Without the pictures, copy the entries below word for word.

Dataset entries
*** Begin section ***

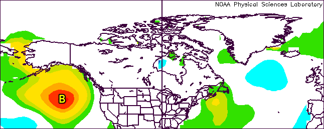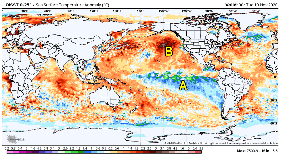 10 Kasım 2020 tarihi itibariyle küresel çapta deniz suyu sıcaklıklarının normalden farkını aşağıdaki haritada görebiliyoruz. A ile işaretli olan bölge Ekvatoral Pasifik (ENSO), B ile işaretli olan bölge ise Kuzeydoğu Pasifik.
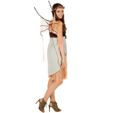 Maskeraddräkten Naturväsen för damer består av en kort och vacker klänning. Till detta medföljer vingar med resår och ett förtrollande hårband, material: 100 % polyester.
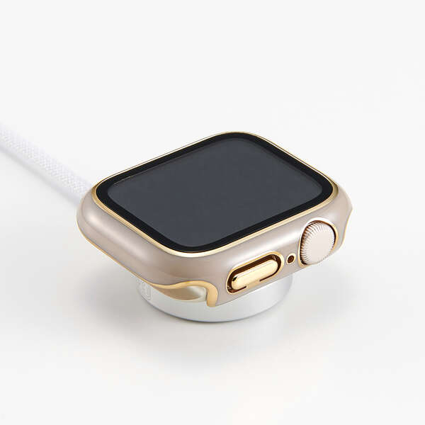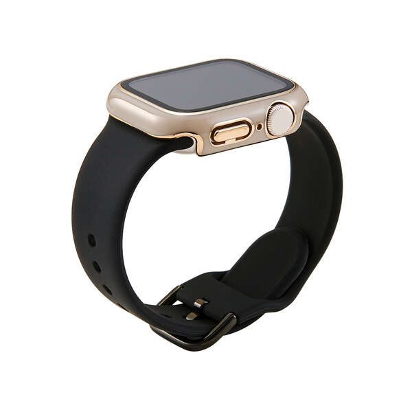画面の視認性に優れる高透明なガラスとポリカーボネート樹脂で、機器本体を傷や汚れから守る、メタリックラインが美しく際立つApple Watch用フルカバーケースです。
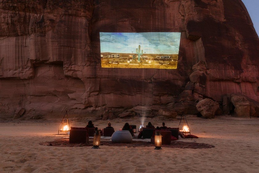 وستكون تلك السينما في الهواء الطلق مختلفة تماماً عن أي ليلة عادية لمشاهدة الأفلام، فهي تمنح الزائرين الفرصة للتأمل وإثراء عقولهم في فسحة واسعة واستثنائية من الطبيعة، تحت أضواء القمر الساطع والنجوم المشعة في الصحراء الشاسعة في مسرح يتخلله مجلس مريح يحاكي المجالس العربية ويُقدّم الفشار والمرطبات اللذيذة. سنعيد إلى الضيوف حنيناً إلى الماضي بعرض الأفلام الكلاسيكية على خلفية مميزة من الحجر الرملي.
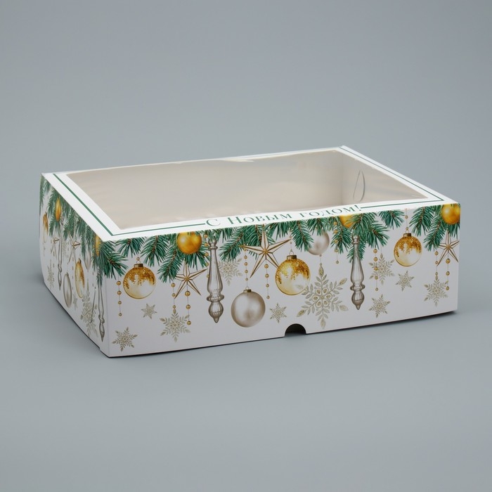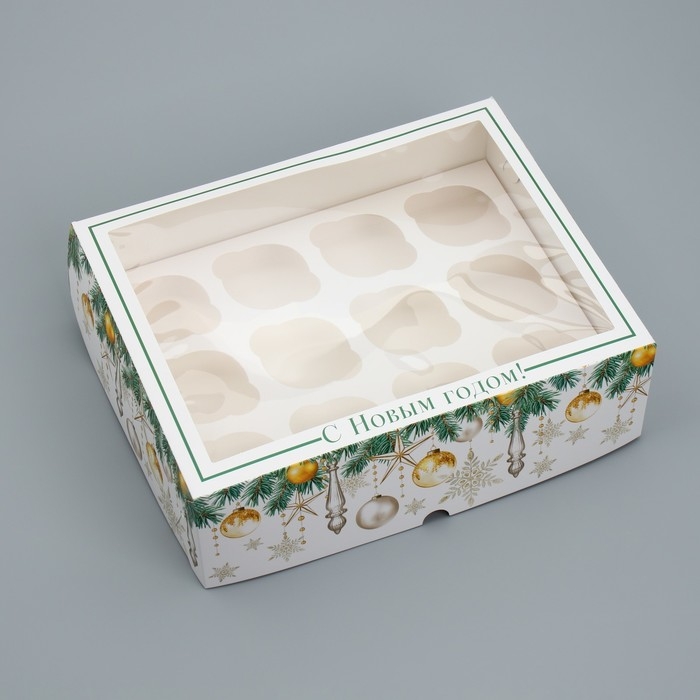 Коробка складная на 12 капкейков с окном «С Новым годом!» 32.8 х 25.6 х 10 см, Новый год
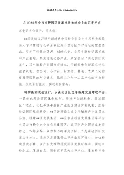 【七哥公文】2024年:在2024年全市市级园区改革发展推进会上的汇报发言+更多免费公文+VX:QiGeGongWen2024
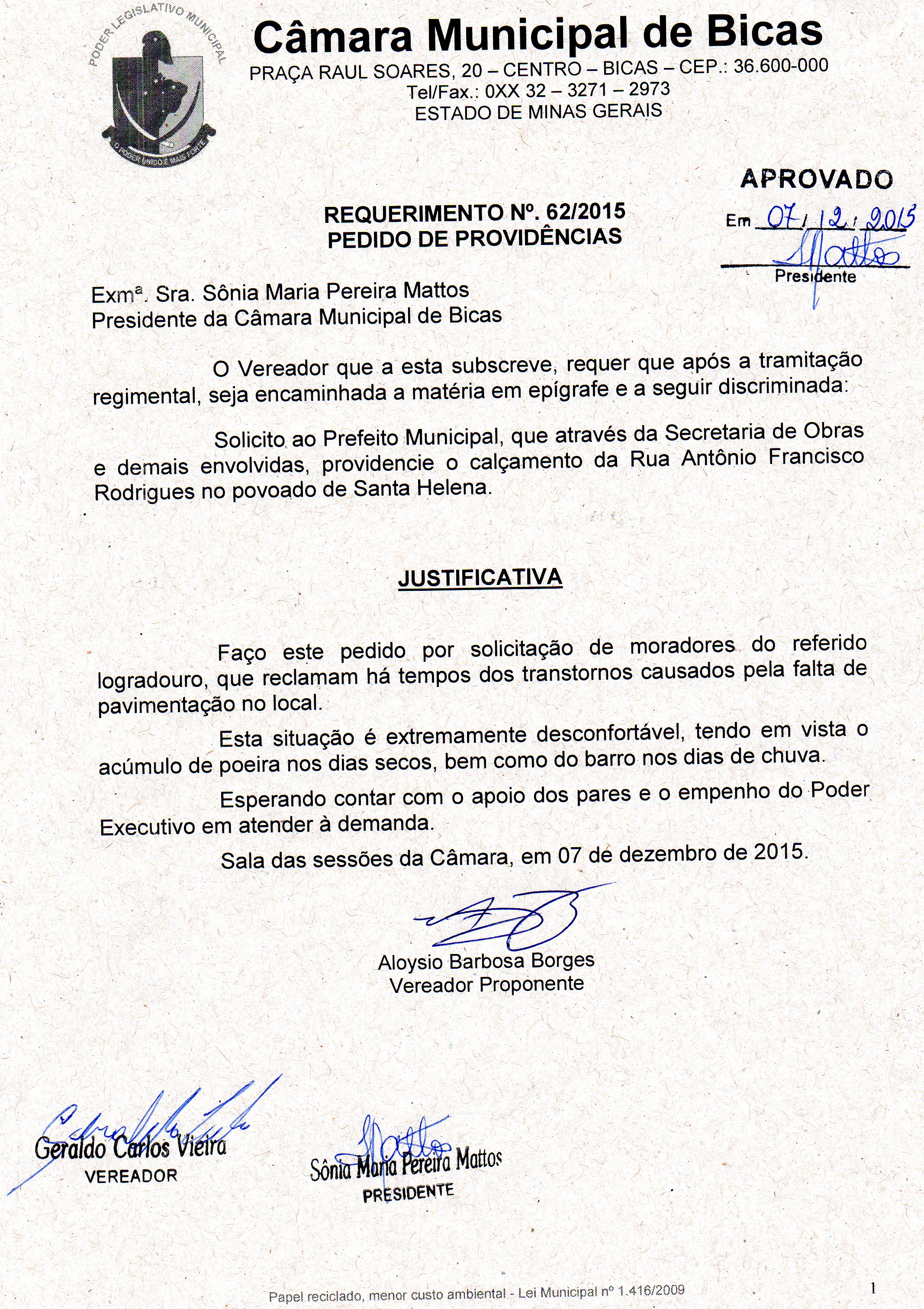 Ementa: PEDIDO DE PROVIDÊNCIA - PROVIDENCIE CALÇAMENTO DE RUA NO POVOADO DE SANTA HELENA.
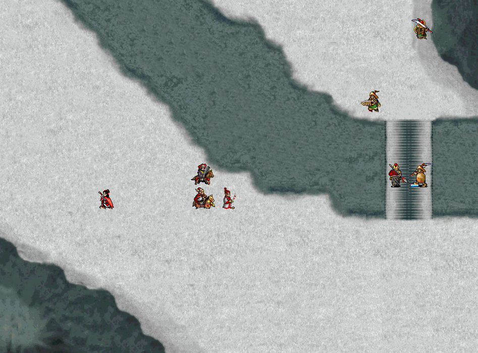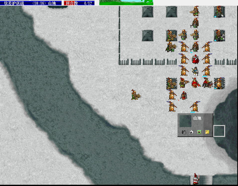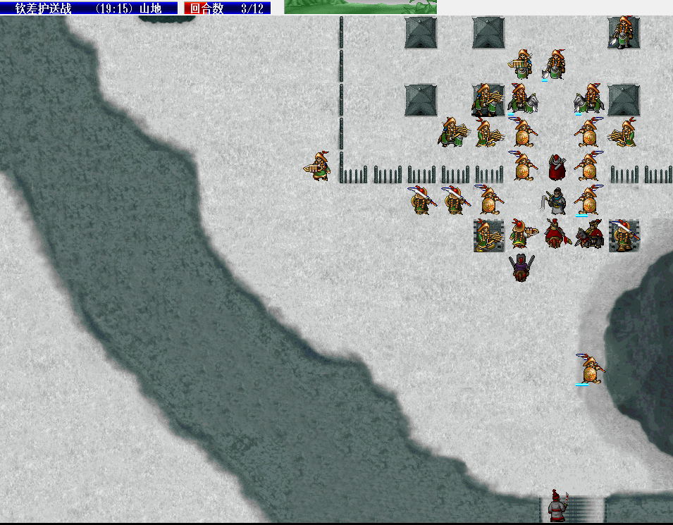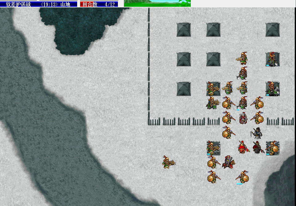 汤怀带震天弓+斗甲+金镖,第一回合走到敌军大营中9个村庄的中间位置气合,确保所有会被所有骑兵包围,不会被金兀术单挑。张九成向右挪开位置自己加防御,不要挡住金兀术和两个弓骑的路,这样他们全军就去攻击汤怀了,等他们离开,张九成上去抢占鹿岩和宝物库拿东西。
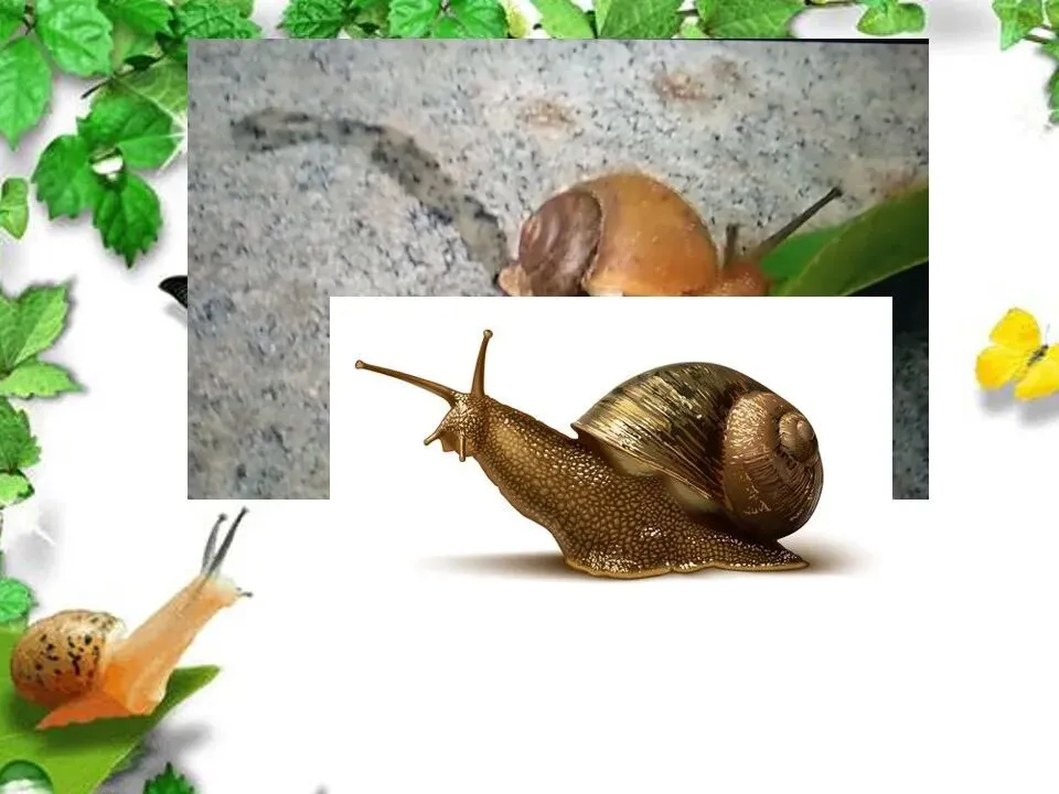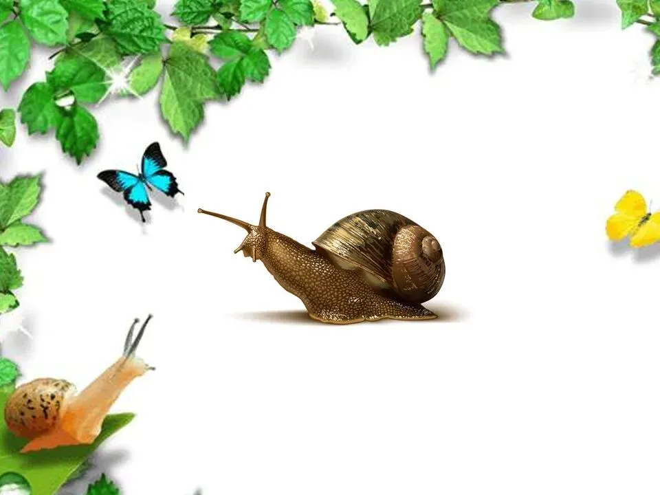1.引导幼儿观察蜗牛的外形特征,了解蜗牛的爬行方式。

*** End section ***

**Output for this exercise**
 10 Kasım 2020 tarihi itibariyle küresel çapta deniz suyu sıcaklıklarının normalden farkını aşağıdaki haritada görebiliyoruz. A ile işaretli olan bölge Ekvatoral Pasifik (ENSO), B ile işaretli olan bölge ise Kuzeydoğu Pasifik.
 Maskeraddräkten Naturväsen för damer består av en kort och vacker klänning. Till detta medföljer vingar med resår och ett förtrollande hårband, material: 100 % polyester.
画面の視認性に優れる高透明なガラスとポリカーボネート樹脂で、機器本体を傷や汚れから守る、メタリックラインが美しく際立つApple Watch用フルカバーケースです。
 وستكون تلك السينما في الهواء الطلق مختلفة تماماً عن أي ليلة عادية لمشاهدة الأفلام، فهي تمنح الزائرين الفرصة للتأمل وإثراء عقولهم في فسحة واسعة واستثنائية من الطبيعة، تحت أضواء القمر الساطع والنجوم المشعة في الصحراء الشاسعة في مسرح يتخلله مجلس مريح يحاكي المجالس العربية ويُقدّم الفشار والمرطبات اللذيذة. سنعيد إلى الضيوف حنيناً إلى الماضي بعرض الأفلام الكلاسيكية على خلفية مميزة من الحجر الرملي.
 Коробка складная на 12 капкейков с окном «С Новым годом!» 32.8 х 25.6 х 10 см, Новый год
 【七哥公文】2024年:在2024年全市市级园区改革发展推进会上的汇报发言+更多免费公文+VX:QiGeGongWen2024
 Ementa: PEDIDO DE PROVIDÊNCIA - PROVIDENCIE CALÇAMENTO DE RUA NO POVOADO DE SANTA HELENA.
 汤怀带震天弓+斗甲+金镖,第一回合走到敌军大营中9个村庄的中间位置气合,确保所有会被所有骑兵包围,不会被金兀术单挑。张九成向右挪开位置自己加防御,不要挡住金兀术和两个弓骑的路,这样他们全军就去攻击汤怀了,等他们离开,张九成上去抢占鹿岩和宝物库拿东西。
1.引导幼儿观察蜗牛的外形特征,了解蜗牛的爬行方式。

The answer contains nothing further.